__PyScopus__: An example for author disambiguity

Sometimes Scopus would mix up people with similar names. I recently come up with a not that difficult method to clean author publication profiles, which needs some manual work.

If you can think of a better way, please do let me know!

---

In [3]:
import pyscopus
pyscopus.__version__

'1.0.0a1'

In [6]:
from pyscopus import Scopus
key = 'YOUR_OWN_APIKEY'
scopus = Scopus(key)

In [9]:
import utils

---

When I was collecting data for my own research, I found that [Dr. Vivek K. Singh](http://web.media.mit.edu/~singhv/) has a very [noisy profile in Scopus](https://www.scopus.com/authid/detail.uri?authorId=7404651152). Let's use this as an example.

The basic idea is to match author-affiliation pair:
- For all the paper found in the _mixed profile_
    - Find the focal author (in this case, Dr. Singh)
    - Look at his/her affiliation
        - Keep this paper if the affiliation is indeed where he/she is
        - If not, discard the paper

For Dr. Singh, I manually obtained his affiliation ids by searching through [Scopus affiliation search](https://www.scopus.com/search/form.uri?display=affiliationLookup). Upon obtaining that, create a dictionary containing _name (first/last)_, _affiliation name_, and _a list of affiliation ids_. Author and affiliation names would be used to search for this author. The list of affiliation ids would be used for cleaning papers: 

- UC Irvine `60007278`
- MIT `60022195`
- Rutgers `60030623`

In [23]:
d = {'authfirst': 'Vivek', 'authlastname': 'Singh', 'affiliation': 'Rutgers',
     'affil_id_list': ['60030623', '60022195', '60007278']
    }
d

{'authfirst': 'Vivek',
 'authlastname': 'Singh',
 'affiliation': 'Rutgers',
 'affil_id_list': ['60030623', '60022195', '60007278']}

In [24]:
query = "AUTHLASTNAME({}) and AUTHFIRST({}) and AFFIL({})".format(d['authlastname'], d['authfirst'], d['affiliation'])
author_search_df = scopus.search_author(query)
author_search_df

Unnamed: 0,author_id,name,document_count,affiliation,affiliation_id
0,7404651152,Vivek Kumar N. Singh,490,Banaras Hindu University,60008721


Sometimes we would obtain a list of author profiles for each author. In this case, we only have one and it is clear that the author profile is highly noisy.

In the following step, I would use the helper functions in `utils` to screen each paper by this `author_id`

In [25]:
author_id = '7404651152'
author_id, d['affil_id_list']

('7404651152', ['60030623', '60022195', '60007278'])

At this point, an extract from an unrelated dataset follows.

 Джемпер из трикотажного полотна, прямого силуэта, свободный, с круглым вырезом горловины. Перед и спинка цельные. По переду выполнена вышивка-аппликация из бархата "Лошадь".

The filtering process may take a while, depending on how many documents are mixd up.

In [26]:
filterd_pub_df = utils.check_pub_validity(scopus, author_id, d['affil_id_list'], apikey)
filterd_pub_df.shape[0], filterd_pub_df.scopus_id.unique().size, filterd_pub_df.scopus_id.isnull().sum()

(134, 134, 0)

Obviously, the number of papers is highly reduced. We can now check a random subset to see if the filtered papers make sense for this author.

In [28]:
filterd_pub_df.iloc[utils.pd.np.random.randint(0, high=134, size=20)][['title', 'publication_name']]

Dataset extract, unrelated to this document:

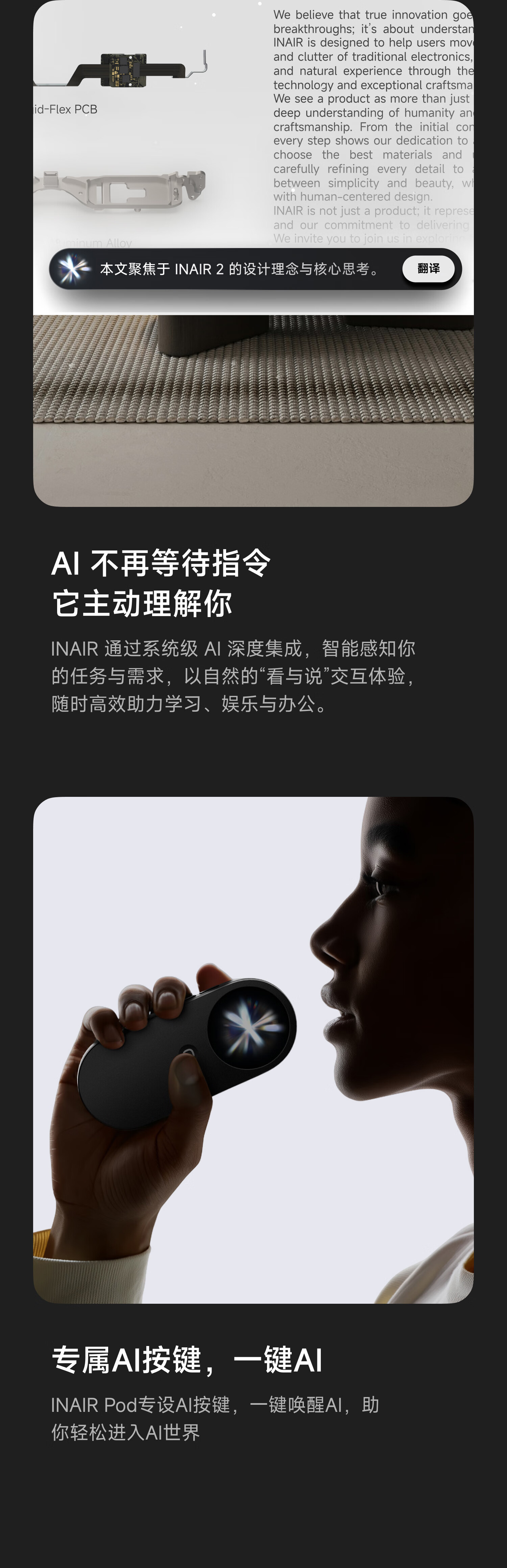 INAIR 空间魔盒 3D投影套装 AI 2D转3D 家庭客厅 3D 观影新入口 [AR眼镜伴侣]单Pod

Unnamed: 0,title,publication_name
117,Effects of high-energy irradiation on silicon ...,Optics InfoBase Conference Papers
34,"""They basically like destroyed the school one ...",Proceedings of the ACM Conference on Computer ...
58,Situation recognition from multimodal data,MM 2016 - Proceedings of the 2016 ACM Multimed...
70,On-chip mid-infrared gas detection using chalc...,Applied Physics Letters
212,Mid-infrared As<inf>2</inf>Se<inf>3</inf> chal...,IEEE International Conference on Group IV Phot...
88,Geo-intelligence and visualization through big...,Geo-Intelligence and Visualization through Big...
120,Effects of high-energy irradiation on silicon ...,Optics InfoBase Conference Papers
206,Low loss mid-infrared silicon waveguides by us...,"Frontiers in Optics, FIO 2012"
151,Predicting spending behavior using socio-mobil...,Proceedings - SocialCom/PASSAT/BigData/EconCom...
154,Generation of two-cycle pulses and octave-span...,Optics Letters


However, there may still be noise in it (e.g., papers published in optics/photonics venues). We can manually exclude those as well:

In [44]:
filterd_pub_df = filterd_pub_df.query("not publication_name.str.lower().str.contains('optic')")
filterd_pub_df = filterd_pub_df.query("not publication_name.str.lower().str.contains('photonic')")
filterd_pub_df = filterd_pub_df.query("not publication_name.str.lower().str.contains('nano')")
filterd_pub_df = filterd_pub_df.query("not publication_name.str.lower().str.contains('quantum')")
filterd_pub_df = filterd_pub_df.query("not publication_name.str.lower().str.contains('sensor')")
filterd_pub_df = filterd_pub_df.query("not publication_name.str.lower().str.contains('cleo')")
filterd_pub_df = filterd_pub_df.query("not publication_name.str.lower().str.contains('materials')")
filterd_pub_df = filterd_pub_df.query("not publication_name.str.lower().str.contains('physics')")
filterd_pub_df = filterd_pub_df.query("not publication_name.str.lower().str.contains('chip')")
filterd_pub_df.shape

(59, 16)

And let's check again

In [46]:
filterd_pub_df.iloc[utils.pd.np.random.randint(0, high=59, size=20)][['title', 'publication_name']]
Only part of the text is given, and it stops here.